### Dataset extract

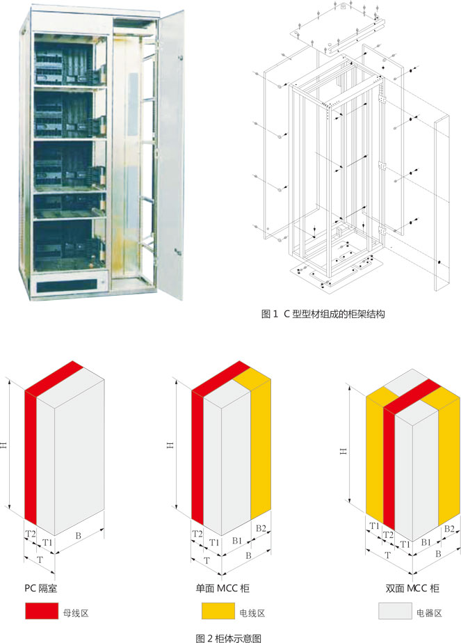 開(kāi)關(guān)柜柜體基本結(jié)構(gòu)是由C型型材料裝配組成。C型材是以E=25mm為模數(shù)安裝孔的鋼板彎制而成。全部柜架及內(nèi)層隔板都作鍍鋅純化處理。四周門(mén)板,側(cè)板則作高壓靜電噴塑。柜體基本結(jié)構(gòu)見(jiàn)圖1所示:柜體基本尺寸如表1表2所示:
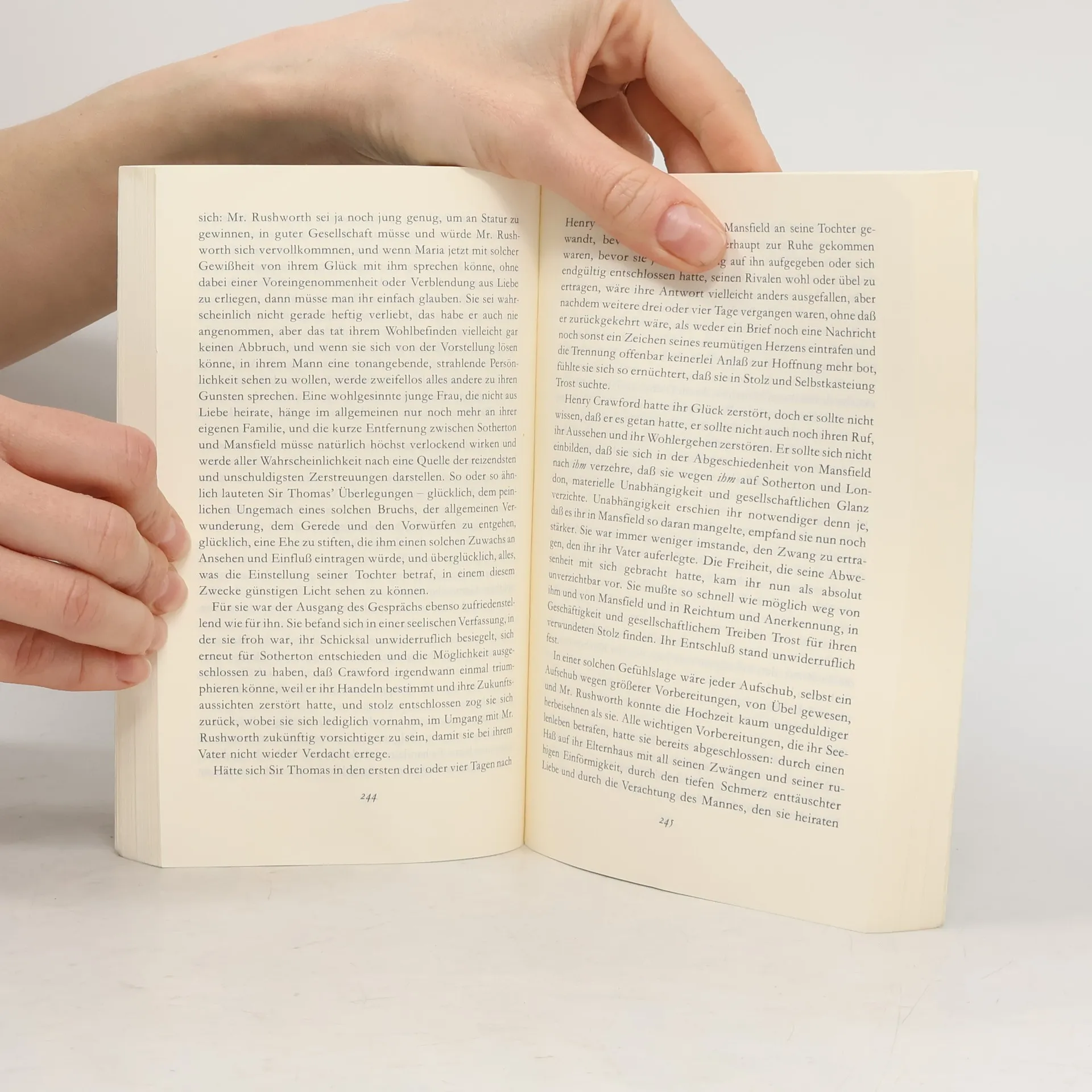 In der Geschichte einer jungen Frau, die den passenden Partner fürs Leben sucht, nimmt Jane Austen die Verhaltensmuster der Eheschließung aufs Korn, die Vereinnahmung der Frau in der Ehe durch die männlich geprägte Umwelt.
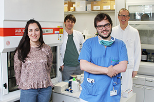 BU: Die Erstautor:innen Lisa Mayr und Felix Grabherr (vorne) mit Timon Adolph und Herbert Tilg (hinten, v.l.)

### Instructions to follow
If the listing above includes images, copy every line of it exactly except those images.

### Problem solution
 開(kāi)關(guān)柜柜體基本結(jié)構(gòu)是由C型型材料裝配組成。C型材是以E=25mm為模數(shù)安裝孔的鋼板彎制而成。全部柜架及內(nèi)層隔板都作鍍鋅純化處理。四周門(mén)板,側(cè)板則作高壓靜電噴塑。柜體基本結(jié)構(gòu)見(jiàn)圖1所示:柜體基本尺寸如表1表2所示:
 In der Geschichte einer jungen Frau, die den passenden Partner fürs Leben sucht, nimmt Jane Austen die Verhaltensmuster der Eheschließung aufs Korn, die Vereinnahmung der Frau in der Ehe durch die männlich geprägte Umwelt.
 BU: Die Erstautor:innen Lisa Mayr und Felix Grabherr (vorne) mit Timon Adolph und Herbert Tilg (hinten, v.l.)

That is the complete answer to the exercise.